Some implementations are targeted at specific platforms, interconnects, run-time systems, etc., while others are designed to be portable across some subset of the (platform, network, run-time system) tuple. In some ways, writing single-purpose MPI implementations (e.g., for a specific set of hardware/network/run-time system) can be dramatically simpler than writing portable systems. Since it only has to work on one operating system, with one compiler, and one network, the code is far less complex than a portable system.
That being said, I've had discussions with developers of such single-system implementations and, despite the homogeneity of their target systems, their job is not easy. I've known developers who cheerfully break out logic analyzers to watch bus activity during an MPI run in order to fully understand all activity on the machine in order to further optimize their MPI. I even know of one [unnamed] vendor's implementation that used self-modifying code in order to avoid two cache misses and reduce latency by a few tens of nanoseconds. That particular trick had to get sign-offs from several levels of management in order to pass QA, but in the end, contributed to delivering an extremely high-performing MPI to the company's customers.

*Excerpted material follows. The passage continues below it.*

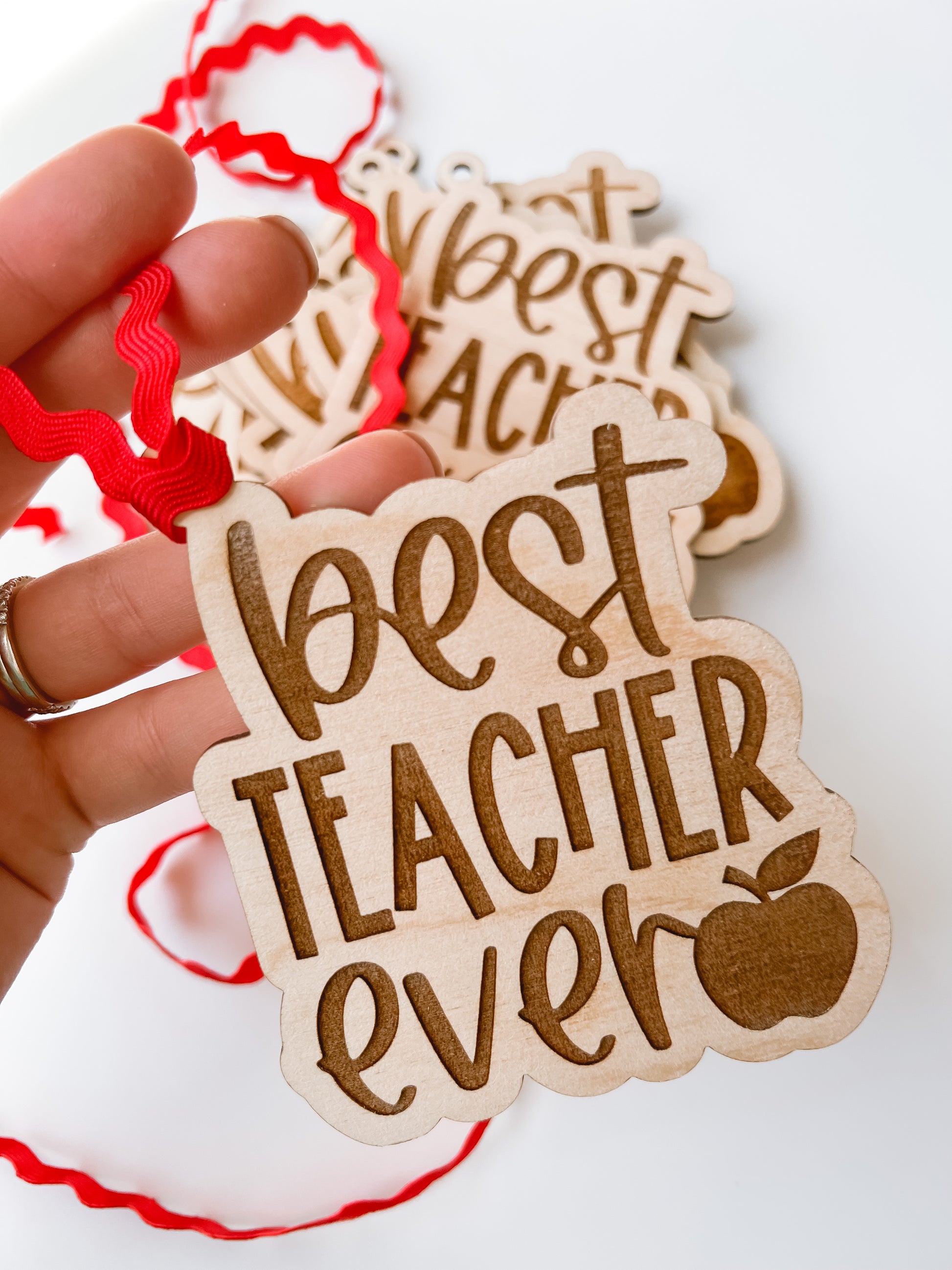 These wooden tags are the perfect gift tag for any teacher! Choose from three different saying and add them to a bottle of wine, a gift basket and so much more. Each tag is made out of high quality birch wood and laser engraved for ultimate use.

Let's take a short tour of some other choices that an MPI implementer has to make.
MPI Handles: Pointers or Integers?
This may seem like a trivial matter, but it has wide-reaching effects throughout the entire MPI implementation. A communicator, for example, has a bunch of internal data associated with it (the members of the group, the error-handler associated with it, whether the communicator is an inter- or intra-communicator, and so on). An implementation typically bundles all this information together in a C structure (or C++ object) and provides the application with some kind of handle to it. The handle that the application sees is of type MPI_Comm - but what should its real type be: a pointer to the structure/object, or an integer index into an array of all currently-allocated communicators?
Surprisingly, this issue incurs deep religious rifts between MPI implementers.

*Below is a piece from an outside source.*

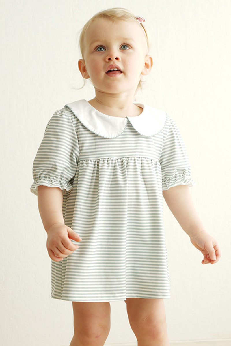 Sage stripe girl dress

Using integers for handles means that there is no loss of performance between the C and Fortran bindings - both sets use indirect addressing to find the back-end structure (note that MPI specifically defines Fortran handles to be integers because Fortran - at least Fortran 77 - has no concept of a pointer). Note, however, that in multi-threaded environments, it is necessary to obtain a lock before examining the array because another thread may have grown (and therefore moved) the array.

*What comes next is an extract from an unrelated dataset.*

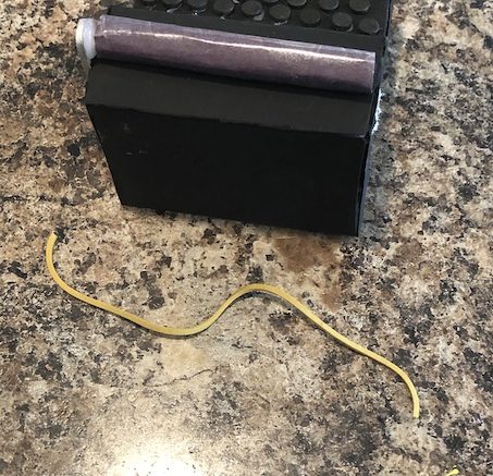 Next take your elastic band, and cut it.

Conversely, using pointers means that the Fortran bindings may have to perform translation from the integer to a pointer (probably through indirect addressing), but the C bindings can access the back-end data directly and have no need for additional lookup or locking of index arrays. Finally, on platforms where the size of a Fortran INTEGER is the same size as a pointer, this is a non-issue - each can be used interchangeably (e.g., the Fortran integer handle can actually be the C pointer value). This case is not true for all platforms, however.
The size of MPI handles is visible in mpi.h, and is therefore a key aspect of the MPI implementation's interface to user applications.
What's in an MPI_Status?
The MPI_Status object, as defined by the MPI standard, is different than all other MPI objects: not only does it have public data members, the user is responsible for allocating and freeing MPI_Status objects. This requirement means that its structure must be defined in mpi.h - including any internal data members (so that pointer math in the application can be accurate).
Although the standard disallows MPI applications from using the internal data members, the fact that MPI_Status is accessed by value (and not through a handle) means that its size is a key aspect of the MPI implementation's interface to user applications.